### Task to complete:
Retype exactly what appears below from the line containing "basement, and foundation" down to the line containing "The Sheets Chandelier", keeping both end lines. Do not include pictures.

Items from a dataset

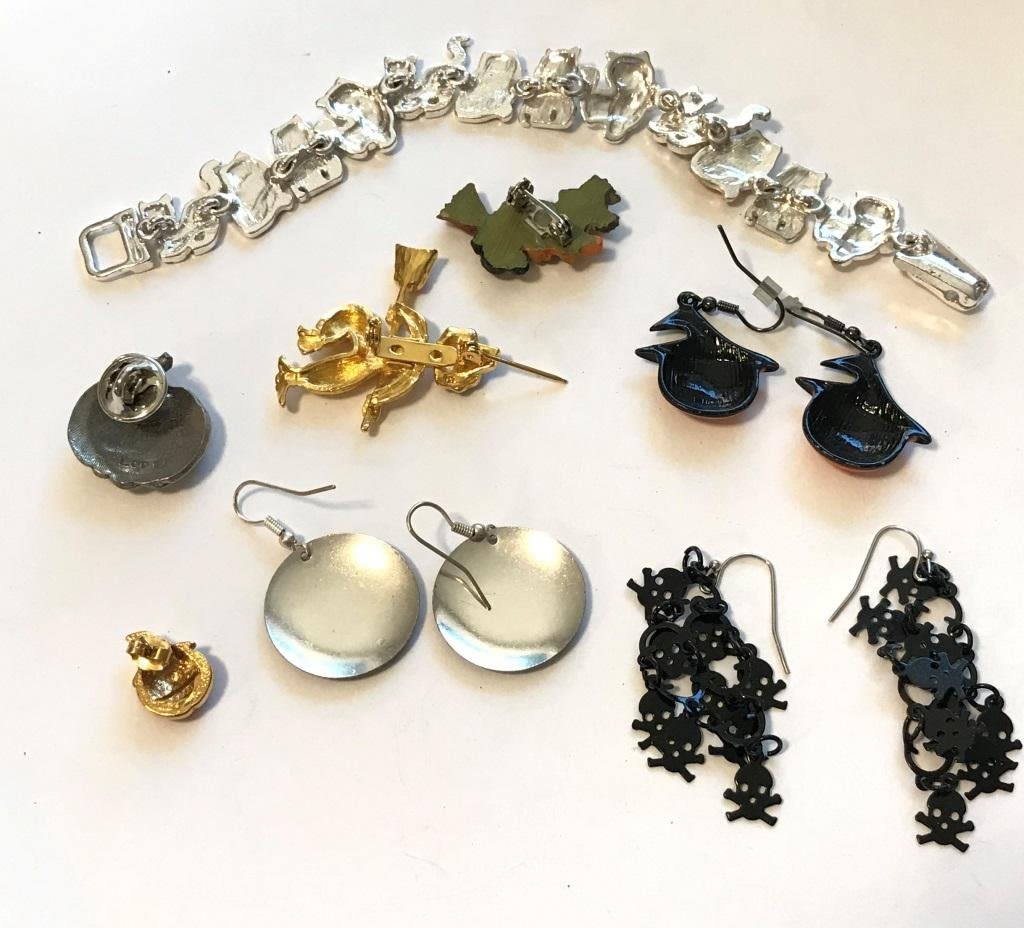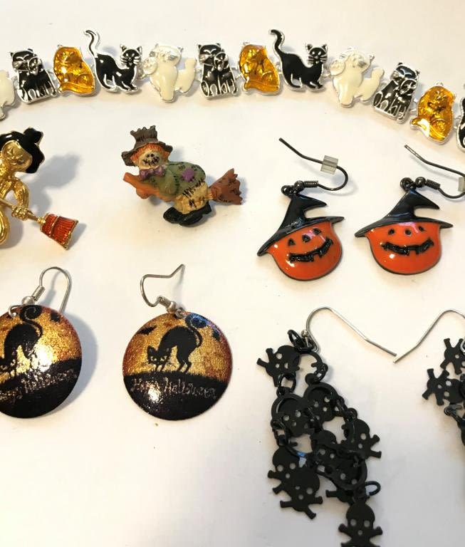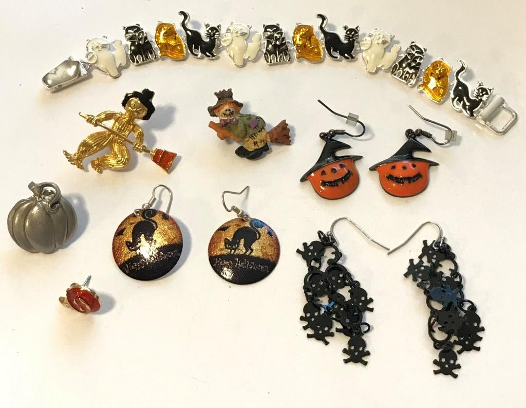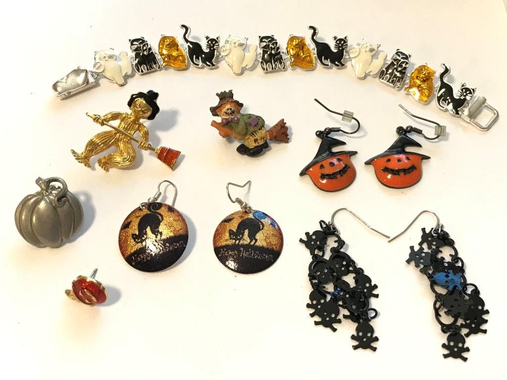 1 MARKED LCD & AVON, ONE MARKED BRACELET, EARRINGS, PIN/ BROOCH– CATS, PUMPKINS SCARECROWS
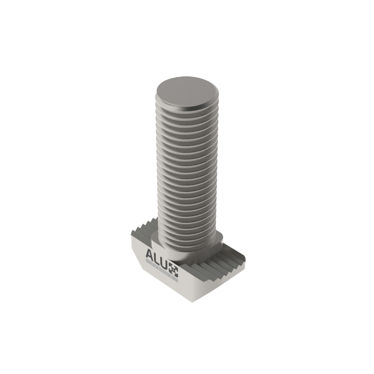 This Alux T-head bolt is meant for easy installation in the 30- and 40 series T-slot profiles. The T-bolt can be installed anywhere along the T-slot profile, by rotating the bolt it will lock into position. The bolt is of size M8 and has a thread length of 25mm. The tapered neck allows for simplified assembly because the bolt is self-aligning. The positioning groove on the end of the T-bolt visually indicates when it is properly positioned in the T-slot.
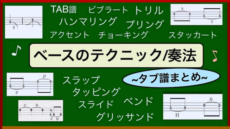 ベースの演奏テクニック記号~一覧表~続きは各リンクへ♪
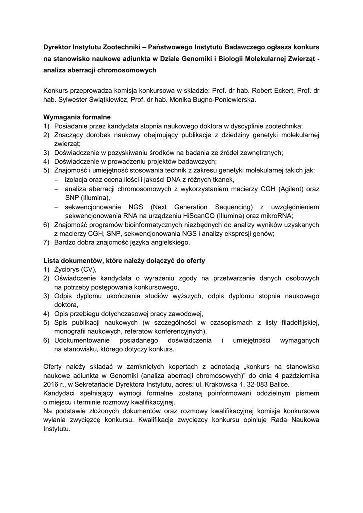 Dyrektor Instytutu Zootechniki – Państwowego Instytutu Badawczego ogłasza konkurs na stanowisko naukowe adiunkta w Dziale Genomiki i Biologii Molekularnej Zwierząt analiza aberracji chromosomowych Konkurs przeprowadza komisja konkursowa w składzie: Prof. dr hab. Robert Eckert, Prof. dr hab. Sylwester Świątkiewicz, Prof. dr hab. Monika Bugno-Poniewierska. Wymagania formalne 1) Posiadanie przez kandydata stopnia naukowego doktora w dyscyplinie zootechnika; 2) Znaczący dorobek naukowy obejmujący publikacje z dziedziny genetyki molekularnej zwierząt; 3) Doświadczenie w pozyskiwaniu środków na badania ze źródeł zewnętrznych; 4) Doświadczenie w prowadzeniu projektów badawczych; 5) Znajomość i umiejętność stosowania technik z zakresu genetyki molekularnej takich jak: izolacja oraz ocena ilości i jakości DNA z różnych tkanek, analiza aberracji chromosomowych z wykorzystaniem macierzy CGH (Agilent) oraz SNP (Illumina), sekwencjonowanie NGS (Next Generation Sequencing) z uwzględnieniem sekwencjonowania RNA na urządzeniu HiScanCQ (Illumina) oraz mikroRNA; 6) Znajomość programów bioinformatycznych niezbędnych do analizy wyników uzyskanych z macierzy CGH, SNP, sekwencjonowania NGS i analizy ekspresji genów; 7) Bardzo dobra znajomość języka angielskiego. Lista dokumentów, które należy dołączyć do oferty 1) Życiorys (CV), 2) Oświadczenie kandydata o wyrażeniu zgody na przetwarzanie danych osobowych na potrzeby postępowania konkursowego, 3) Odpis dyplomu ukończenia studiów wyższych, odpis dyplomu stopnia naukowego doktora, 4) Opis przebiegu dotychczasowej pracy zawodowej, 5) Spis publikacji naukowych (w szczególności w czasopismach z listy filadelfijskiej, monografii naukowych, referatów konferencyjnych), 6) Udokumentowanie posiadanego doświadczenia i umiejętności wymaganych na stanowisku, którego dotyczy konkurs. Oferty należy składać w zamkniętych kopertach z adnotacją „konkurs na stanowisko naukowe adiunkta w Genomiki (analiza aberracji chromosowych)” do dnia 4 października 2016 r., w Sekretariacie Dyrektora Instytutu, adres: ul. Krakowska 1, 32-083 Balice. Kandydaci spełniający wymogi formalne zostaną poinformowani oddzielnym pismem o miejscu i terminie rozmowy kwalifikacyjnej. Na podstawie złożonych dokumentów oraz rozmowy kwalifikacyjnej komisja konkursowa wyłania zwycięzcę konkursu. Kwalifikacje zwycięzcy konkursu opiniuje Rada Naukowa Instytutu.
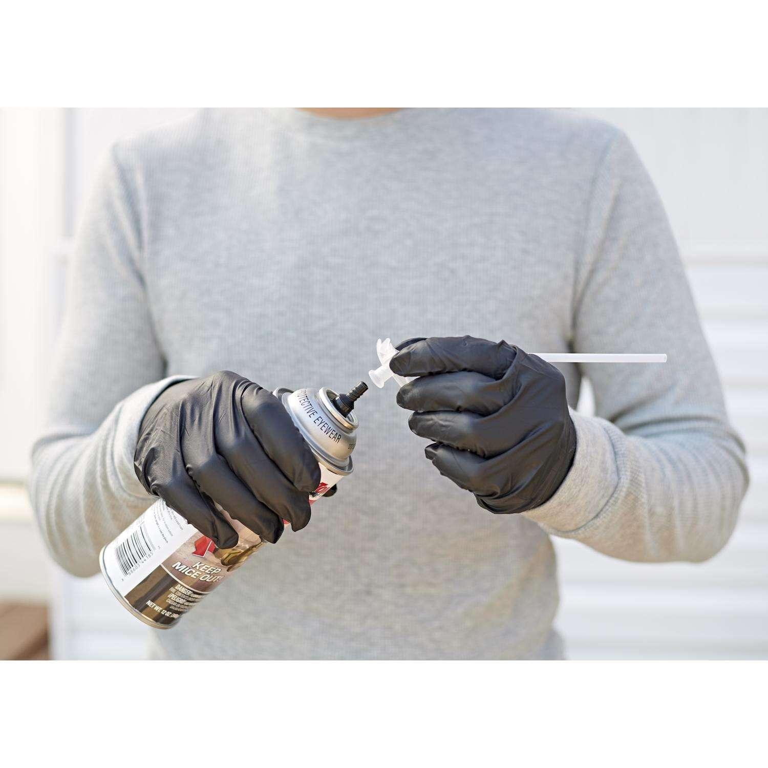 • Spray this rodent barrier in crevices inside and outside your house, including the garage, attic, basement, and foundation
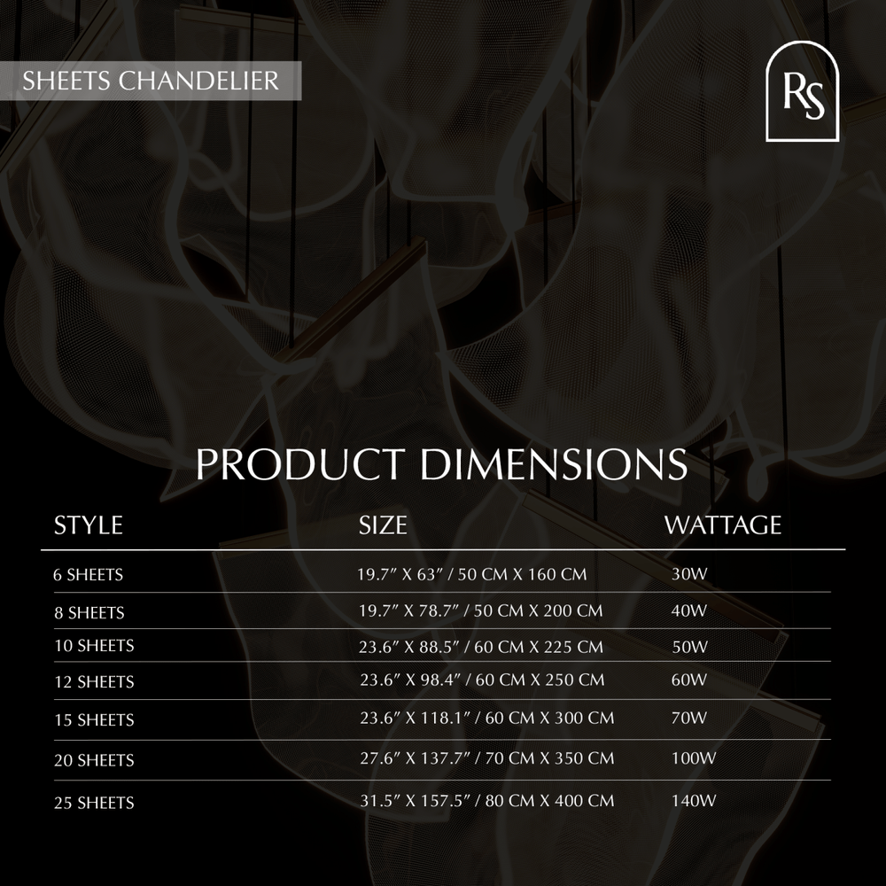 The Sheets Chandelier is designed for indoor use, bringing modern elegance to spaces like living rooms, dining areas, offices, or meeting rooms. Its high-quality stainless steel construction ensures durability, but it is not specified for outdoor use. For optimal performance and longevity, we recommend installing this stunning fixture indoors.
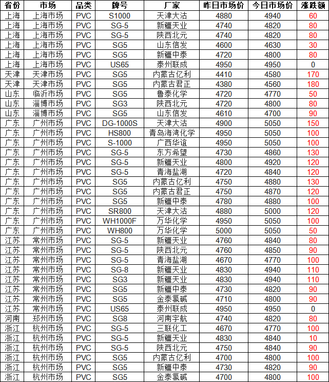 PVC Market Brief Today According to Zhaun Su Shi Jie statistics, as of 4:00 PM on February 2nd, PVC markets in most regions across the country were mostly in the red! 95% of market quotes rose, with the highest increase of 180 yuan. Currently, the S
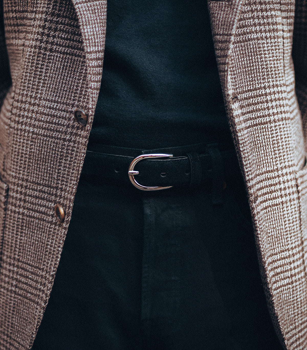 A sophisticated blend of elegance and timeless design. Crafted from premium black suede. Its sleek 2.8 cm width and round buckle create a refined, understated look, making it the perfect accessory for both formal and casual outfits. A true wardrobe staple available in four options of leather.
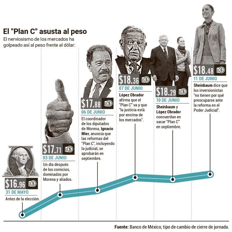 La próxima presidenta de México, Claudia Sheinbaum, calificó como “muy cordial” la reunión que sostuvo con representantes del Gobierno de Estados Unidos (EU), encabezados por su embajador en el país, Ken Salazar, y la asesora de Seguridad Nacional de la Casa Blanca, Elizabeth Sherwood-Randall, y prometió una relación bilateral de “igualdad y colaboración” entre ambas naciones. Durante el diálogo, de aproximadamente una hora, se tocaron temas como comercio, migración, seguridad y tráfico de armas, informó la futura mandataria. En un tema particularmente delicado en la relación México-EU, la migración, la futura presidenta dijo que refrendaron la “esencia fundamental” de la política de López Obrador, que “es la atención a las causas que provocan la migración”, así como “la importancia de la cooperación para el desarrollo en Centroamérica, en países que hoy están expulsando personas por necesidad y que quieran llegar a los Estados Unidos”.En cuanto a la posibilidad de reforzar la frontera Sur de México frente a los migrantes, Sheinbaum dijo que no llegaron “a detalles, ni mucho menos”.La futura presidenta, que asumirá el próximo 1 de octubre, destacó que habló con Sherwood-Randall sobre su estrategia de seguridad en la Ciudad de México, que tiene dos grandes ejes, la atención a las causas y la disminución de la impunidad, la cual buscará replicar en todo el país.Omar García Harfuch, virtual senador electo, y Juan Ramón de la Fuente, coordinador del equipo de transición de Sheinbaum, también estuvieron en la reunión bilateral.Agencias El peso mexicano fue la divisa más depreciada, entre los principales cruces frente al dólar, con -1.55% respecto al lunes. La depreciación se debe, según expertos, a que continúa la aversión al riesgo sobre México, ante los comentarios de Sheinbaum que hacen pensar que no se distanciará del Presidente López Obrador, lo que eleva el riesgo de que su mandato se vea como extensión del actual. Piden diálogo y respeto a la división de Poderes en el país El sector privado consideró que la incertidumbre que hay en torno a las reformas al Poder Judicial y al Instituto Nacional Electoral (INE) debe calmarse con diálogo para llegar a un buen acuerdo, en el que se mantenga una división de Poderes pese al entorno.El presidente del Consejo Mexicano de Negocios (CMN), Rolando Vega, dijo que no se frenarán inversiones porque las empresas vienen a establecerse a largo plazo.“Estamos agendando 30 mil millones de dólares para este año en inversiones”, afirmó el titular del CMN.Sin embargo, añadió que “obviamente lo que el sector empresarial necesita, como en todos los países del mundo, es certeza y seguridad jurídica para poder seguir adelante”.El presidente del Consejo Coordinador Empresarial (CCE), Francisco Cervantes, dijo que les preocupa el movimiento del peso frente al dólar. Sin embargo, añadió que “no hay por qué ponerse nerviosos, porque hay buena relación, no se ha roto ningún lazo de comunicación, o sea, la comunicación es muy buena y eso es lo que deben ver también los mercados. No estamos cruzados de brazos”. CT
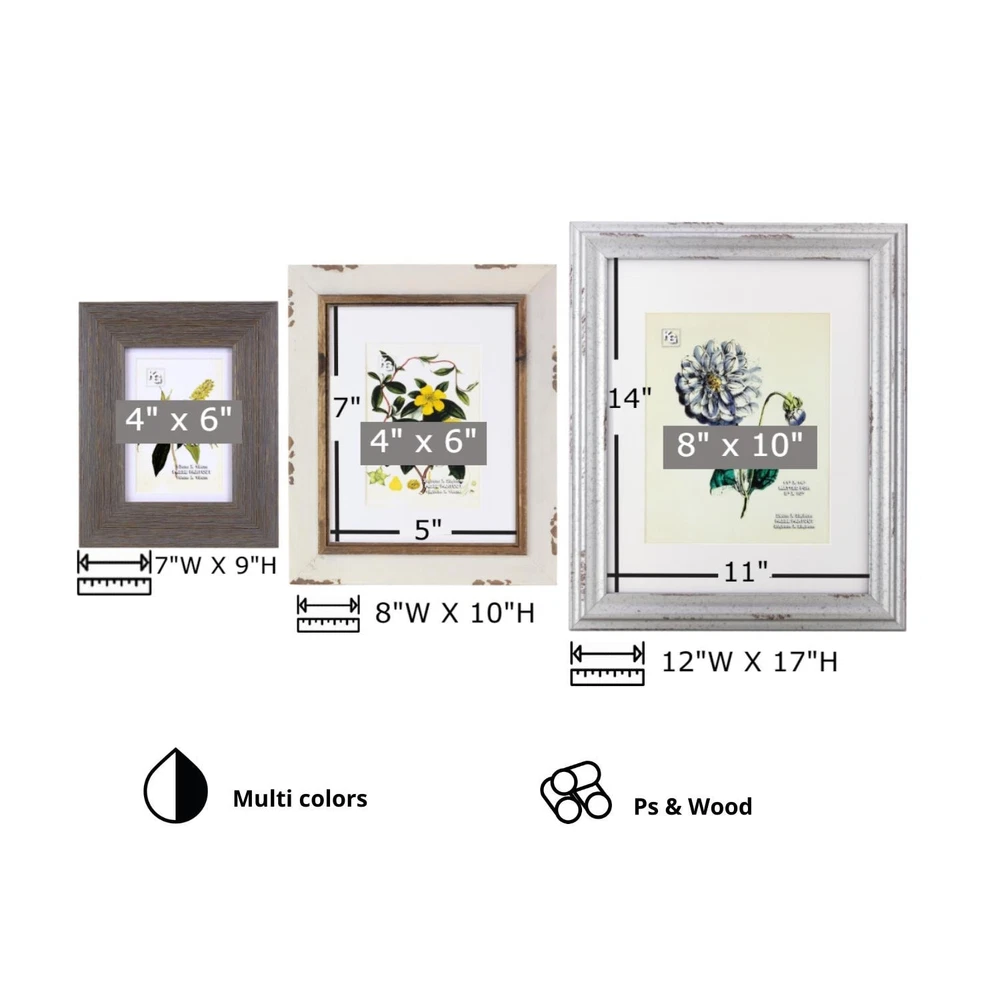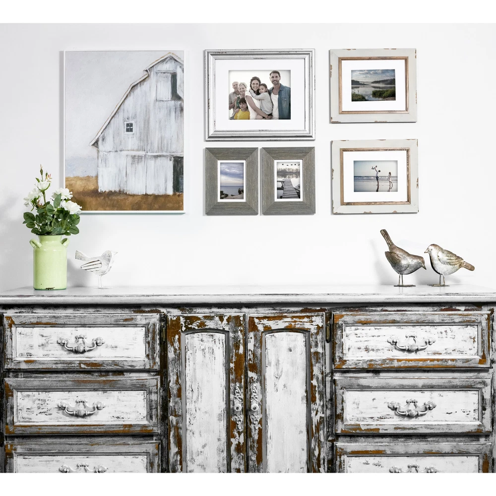 The KG Mixed Farmhouse Gallery Set allows you to display an array of photos in minutes, making an easy addition to your décor. Each set included 4 Raymond Frames, sized 5x7" matted for 4x6", 2 Gary Frames, sized 8x10" matted for 5x7", and 1 Jean frame, sized 11x14" matted for 8x10". Blending a homespun edge with a touch of gold-effect, this mixed grey gallery is a gorgeous home for your memories.SET OF 7 STYLISH, ELEGANT FRAMES - Make an instant photo display! You'll love the Farmhouse Gallery Frame set. Combining rustic styles, this set is great for creating a beautiful group of photos. FOUR RAYMOND FRAMES - Grey, bevelled, worn-look wood frame! The Raymond measures 7"W X 9"H X 0.5"D. The frame opening is 4" x 6". With an easel back and hangers, this frame has a multitude of display Free Shipping Over $49.99* Details kieragrace KG Farmhouse Gallery Set of 7 Product Description: The KG Mixed Farmhouse Gallery Set allows you to display an array of photos in minutes, making an easy addition to your décor. Each set included 4 Raymond Frames, sized 5x7" matted for 4x6", 2 Gary Frames, sized 8x10" matted for 5x7", and 1 Jean frame, sized 11x14" matted for 8x10". Blending a homespun edge with a touch of gold-effect, this mixed grey gallery is a gorgeous home for your memories.SET OF 7 STYLISH, ELEGANT FRAMES - Make an instant photo display! You'll love the Farmhouse Gallery Frame set. Combining rustic styles, this set is great for creating a beautiful group of photos. FOUR RAYMOND FRAMES - Grey, bevelled, worn-look wood frame! The Raymond measures 7"W X 9"H X 0.5"D. The frame opening is 4" x 6". With an easel back and hangers, this frame has a multitude of display options. TWO GARY FRAMES - Grey wood frame with a brushed gold finish! The Gary measures 8"W X 10"H X 0.5"D. The frame opening is 5" x 7" and is matted for 4" x 6" with an acid-free mat.With an easel back and hangers, this frame has a multitude of display options. ONE JEAN FRAME - Gorgeous distressed metal-effect finish resin frame! The Jean measures 12"W X 17"H X 1"D. The frame opening is 11" x 14" and is matted for 8" x 10" with an acid-free mat. With sawtooth hangers it's easy to hang.HORIZONTAL AND VERTICAL TRIANGLE HANGERS - The Raymond and Gary feature triangle hangers. Don't know what picture you are going to use this frame for? No problem! Lightweight, easy to place triangle hangers make the frame versatile; use these frames for horizontal or vertical images.

### Answer box:
 • Spray this rodent barrier in crevices inside and outside your house, including the garage, attic, basement, and foundation
 The Sheets Chandelier is designed for indoor use, bringing modern elegance to spaces like living rooms, dining areas, offices, or meeting rooms. Its high-quality stainless steel construction ensures durability, but it is not specified for outdoor use. For optimal performance and longevity, we recommend installing this stunning fixture indoors.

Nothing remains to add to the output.